Now define $W_k:l_n^2\to H$ by $W_ke_j\mapsto \sqrt n\xi_k^j$. We have, for any $a\in A$, $$ \phi(a)_{ij}=n\,s_\phi(a\otimes E_{ij})=n\,\lim_k\,\langle(a\otimes E_{ij})\xi_k,\xi_k\rangle=n\,\lim_k\langle a\,\xi_k^j,\xi_k^i\rangle\\ =\lim_k\,\langle a\,W_ke_j,W_ke_i\rangle=\lim_k\, (W_k^*aW_k)_{ij}. $$ As these are limits of matrices, an entry-wise limit implies norm limit. So $\|\phi(a)-W_k^*aW_k\|\to0$.

Note also that $$ \|W_k(\sum_{s=1}^nc_se_s)\|^2=n\,\|\sum_{s=1}^nc_s\xi_k^s\|^2 $$ doesn't look like an isometry. But $$ \lim_k\,\langle W_ke_s,W_ke_t\rangle= \lim_k\,\langle \xi_k^s,\xi_k^t\rangle=\lim_k\,\langle E_{ts}\xi_k,\xi_k\rangle=\frac1n\,s_\phi(I\otimes E_{st})=\phi(I)_{st}=\delta_{st}. $$ So the components of $\xi_k$ are almost orthonormal and, more importantly, $W_k^*W_k\to I$. Again, the weak convergence implies norm convergence, as $W_k^*W_k\in M_n(\mathbb C)$; so $\|W_k^*W_k-I\|\to0$. So, for big enough $k$, $W_k^*W_k$ is invertible.

Write $W_k=V_k\,|W_k|$ the polar decomposition. From the previous paragraph, for big $k$ we have that $V_k$ is an isometry, and $\|V_k-W_k\|\to0$ (because $W_k^*W_k\to I$). So we get $$ \|\phi(a)-V_k^*aV_k\|\to0 $$ for isometries $V_k$.
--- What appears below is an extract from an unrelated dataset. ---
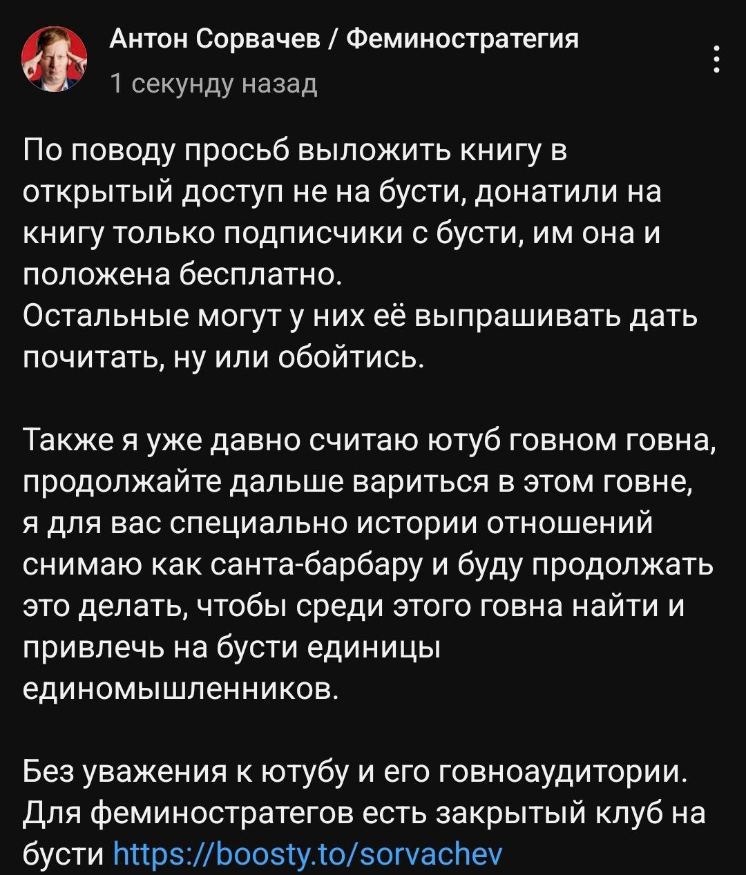 ОП, добавь Ямайского, он пока единственный на фоне этих всех кто действительно пилит нормальный контент, преподносит так как его и надо преподносить с иронией, угаром и сарказмом, при этом сам околочед(с десяток баб сказали, что он даже весьма и весьма привлекательный), а не ебливый обоссаный колхозник которым и при радикальном патриархате с бабами фартить не будет

Edit: here is an example that shows that the condition of being zero on the compacts is essential. Let $n=1$, and $\{e_j\}$ an orthonormal basis for $H$. Let $A=B(H)$ (or $K(H)$, which would be enough). Define a ucp map $\phi:B(H)\to\mathbb C$ by $$\tag1 \phi(a)=\tfrac12\,\langle ae_1,e_1\rangle+\tfrac12\,\langle ae_2,e_2\rangle. $$ Suppose that $\phi(a)=\lim_k V_k^*aV_k$ for isometries $V_k:\mathbb C\to H$. It is easy to check that $V_k\lambda=\lambda v_k$ for some $v_k\in H$ with $\|v_k\|=1$, and that $V_k^*x=\langle x,v_k\rangle$. Thus $$ \phi(a)=\lim_k\langle av_k,v_k\rangle. $$ With $P=E_{11}+E_{22}$, we have that from $(1)$ that $\phi(a)=\phi(aP)=\phi(Pa)$. So $$ \phi(a)=\lim_k\langle aPv_k,Pv_k\rangle. $$ As $Pv_k=\lambda_{k,1}e_1+\lambda_{k,2}e_2$ with $1\geq\|Pv_k\|^2=|\lambda_{k,1}|^2+|\lambda_{k,2}|^2$ the bounded sequences $\{\lambda_{k,j}\}_k$ admit a convergent subsequence for each $j=1,2$. So we obtain a subsequence of $\{Pv_k\}$ that converges to a certain $v$, and thus $$\tag2 \phi(a)=\langle av,v\rangle. $$ Say $v=\lambda_1e_1+\lambda_2e_2$. Comparing $(1)$ and $(2)$ we get: $$ \tfrac12=\phi(E_{11})=\langle E_{11}v,v\rangle=\alpha, $$ and similarly $\beta=\tfrac12$. But then $$ 0=\phi(E_{21})=\langle E_{21}v,v\rangle=\tfrac12, $$ a contradiction.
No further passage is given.